To prevent possible error during training later, we might need the following step (see the reference here): go to ~/tensorflow/models/research/object_detection, find model_lib.py. At around line 390, edit category_index.values() to list( category_index.values() ).

The file faster_rcnn_resnet101_coco.config is obtained from inside the models directory


We need to configure all PATH_TO_BE_CONFIGURED in the config file; we will do this later. See part 4.

Also, we need to add the following to our environment variables. If you have PYTHONPATH variable and set path to include PYTHONPATH as instructed earlier, then add to PYTHONPATH the paths to research and research\slim.  In my computer, they are


Now we want to convert protos files into python files in the directory tensorflow/models/objection_detection/protos.

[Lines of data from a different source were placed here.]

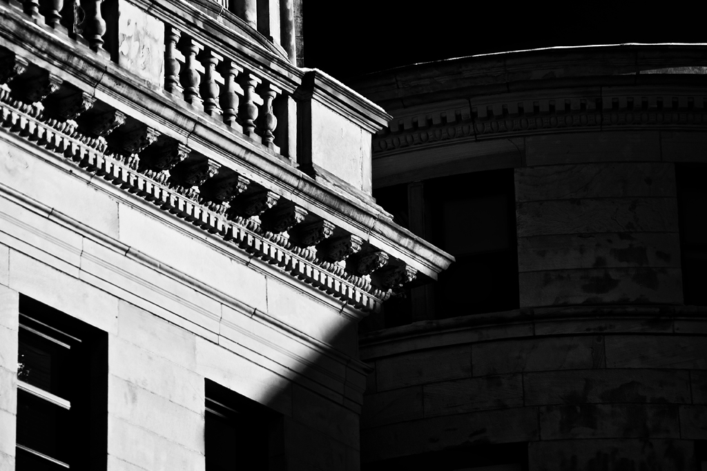I wasn’t really inspired by anything today. I think I’m going to have few days like this through the year. Took a drive around town but nothing jumped out at me. So I sat for a while looking at the buildings and I liked the shadows on these buildings. A basic black and white architectural detail study. PSE6 with Nik Silver Efex conversion. Pentax K20D, DA55-300
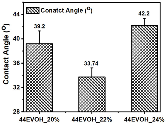On the other hand, the fiber diameter distribution demonstrated a direct relation with polymer concentration, such as when an increase in the concentration resulted in increased nanofiber diameter. This happened because of the increase in the viscosity of the polymer solution and an increase in the extent of polymer chains in the solution [44]. The water contact angle of the fabricated membranes confirmed the hydrophilic nature of 44EVOH and with the increase in the polymer concentration, there was a relative decrease in the contact angle due to the high fiber diameter and pore size. Figure 4 shows that 44EVOH_22% exhibited a lower contact angle (33.74°) than 44EVOH_20% and 44EVOH_24%. The 44EVOH_24% contact angle (42.2°) indicated a different story and this is because, at higher concentrations, the fibers melt and form a film. Thus, although the fiber diameter increases with the polymer concentration, the film formation and non-uniformity significantly influence the surface wettability. These results are consistent with those in the literature except that the water contact angle at a higher concentration was slightly higher due to its morphology. Thus, 44EVOH_22% was chosen as the optimum polymer concentration for further experiments due to its perfect morphology and hydrophilicity.
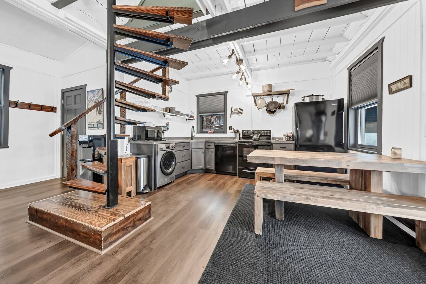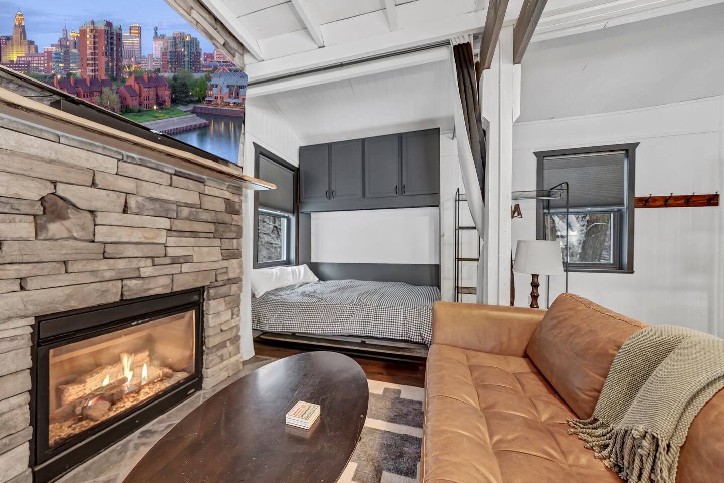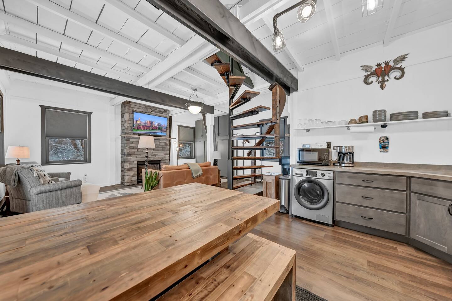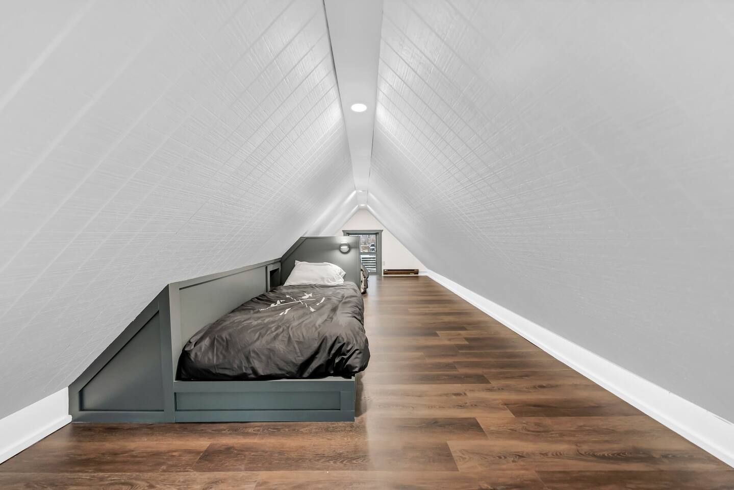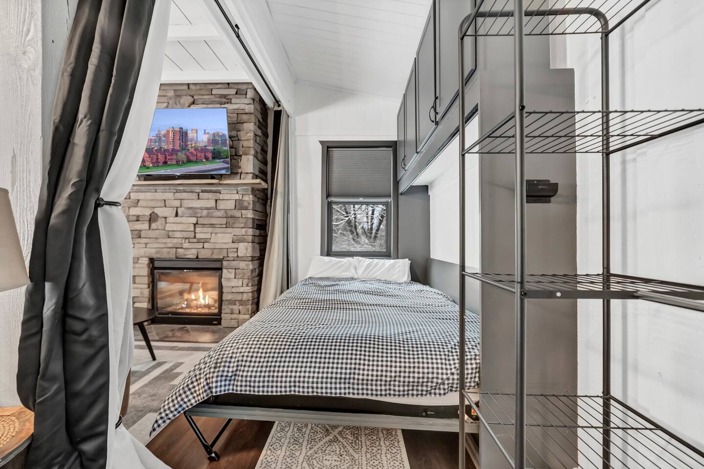 Second floor beds are accessed by spiral staircase. Please use handrail.
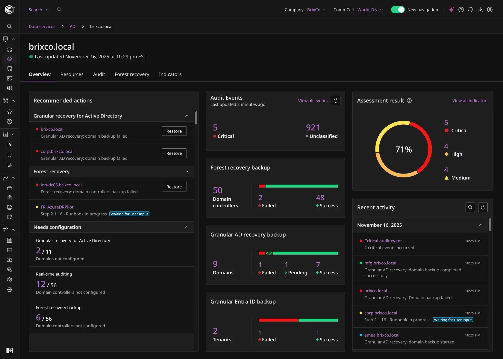- Übersicht des Sicherheitsstatus des Active Directory in der Commvault Cloud.
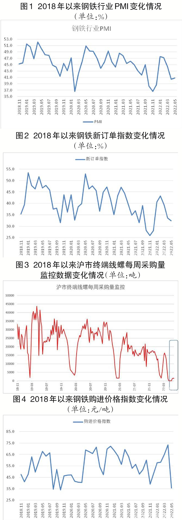5月份,鋼材需求繼續收縮,新訂單指數為32.4%,環比下降1.2個百分點,連續3個月呈環比下降趨勢,且均低於40%。在鋼材終端交易方麵,從監測的滬市終端線材、螺紋鋼采購數據來看,由於疫情防控形勢好轉,上海終端采購整體稍有恢複,但距離正常水平仍有較大的差距。
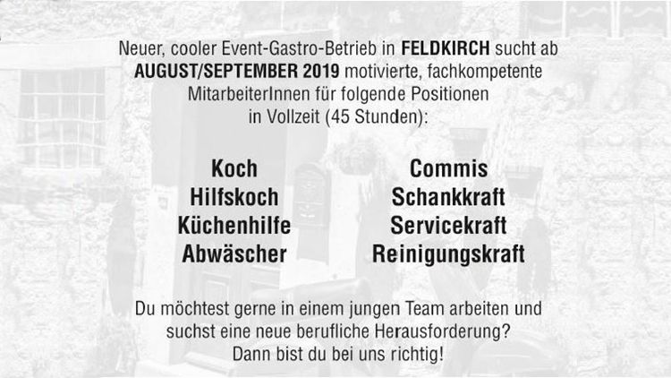 Wir freuen uns auf deine Bewerbung mit Foto und kompletten Lebenslauf an feldkirch@flax.at – z. Hd. Herrn Mag. Müller.
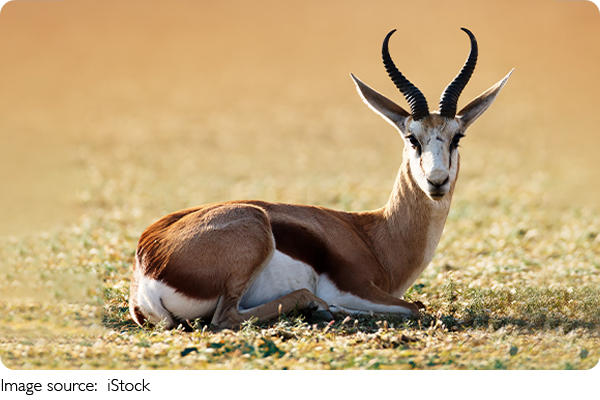 Однако спрингбок отлично приспособился к жизни в этих условиях, умея долго обходиться без воды. Он получает необходимую влагу из пищи, такой как трава, листья и некоторые виды кактусов.
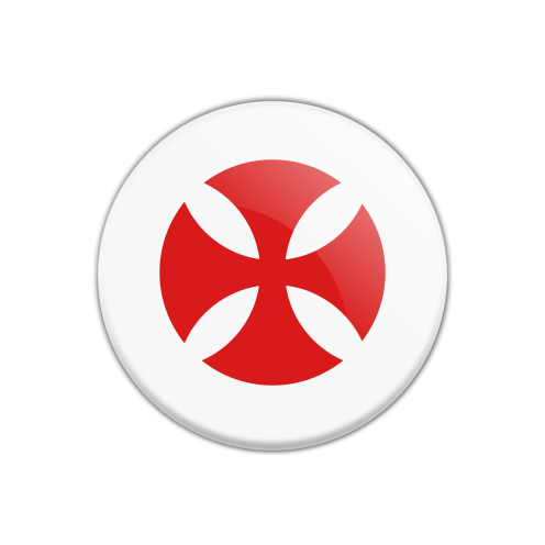 This features a red and white circular design, which is reminiscent of the Templar cross. This symbol has been used for centuries by various organizations and groups, including the Knights Templar, who were a medieval Christian military order. The red circle in the center of the design represents the cross, while the white background adds contrast to the overall appearance. The circular shape of the image suggests that it could be a button or a decorative piece, possibly used for identification or as a symbol of affiliation with an organization or group.
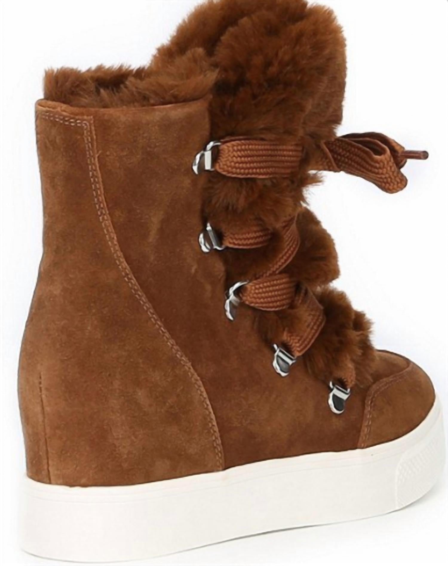 Cute, functional, and comfortable. These sneakers check all the boxes. Experience ultimate comfort and style with the Women's Suede Faux Fur Lined Wedge Lace Up Sneaker by Steve Madden, perfect for holiday parties. Featuring a chic lace-up design, these sneakers have a platform heel for a subtle lift and a round toe for added comfort. Lined with soft faux fur, these brown sneakers are ideal for the summer season. Crafted with attention to detail, they are a must-have addition to any fashion-forward wardrobe.
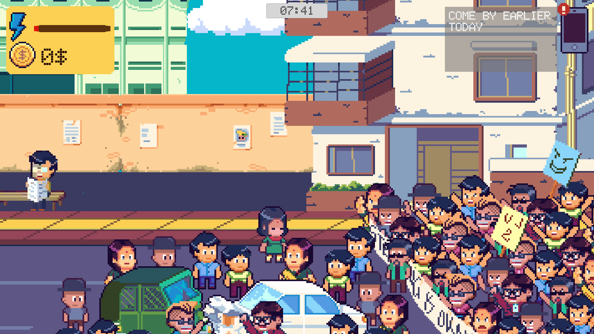 Lovely art! I made to the office in time but i passed through the border of the world instead. World is mad with many riots :D
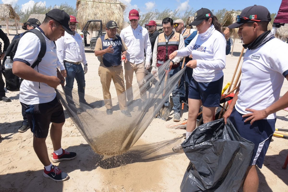 Las labores se realizan de manera coordinada con brigadas de Empleo Temporal de la SEDUMA, integradas por habitantes de La Pesca capacitados por la Procuraduría Federal de Protección al Ambiente (PROFEPA) en el manejo de residuos de hidrocarburo. A estas acciones se suman personal de la Secretaría de Bienestar y elementos de la Secretaría de Marina, quienes llevaron a cabo un barrido manual, para retirar el material detectado.

Download the protocol buffer from here. The page may have been updated, so find it by clicking on the Next page in the given link till you find the older release that goes by the name protoc-3.4.0-win32. Try here. Note that we are downloading version 3.4, which is an older release, since newer versions do give problems. Move protoc.exe into some directory you like. In this tutorial I move it to


Go into the command line cmd.exe, then move into the tensorflow/models/research folder using (do adjust the paths accordingly)

cd C:\Users\acer\Desktop\adhoc\myproject\Lib\site-packages\tensorflow\models\research

and then run

"C:\protoc-3.4\bin\protoc.exe" object_detection/protos/*.proto --python_out=.

Notice that now, in tensorflow/models/research/objection_detection/protos, python files (.py) have been generated from .protos files.

Still in the \tensorflow\models\research directory, to check that things are doing fine, do

python object_detection/builders/model_builder_test.py

You will see OK if everything is fine. We will proceed to process our butterflies and bees data in the next part, part II.

Tips: If you encounter error such as No module named ‘absl’, probably you have already exited the virtual environment, i.e. the machine no longer sees the Python installed in the virtual environment. Just make sure to go back into the virtual environment every time you are working on this project, so that all the packages are well managed. From cmd.exe you can cd to myproject, and run Scripts\activate. To deactivate, just type deactivate and click Enter.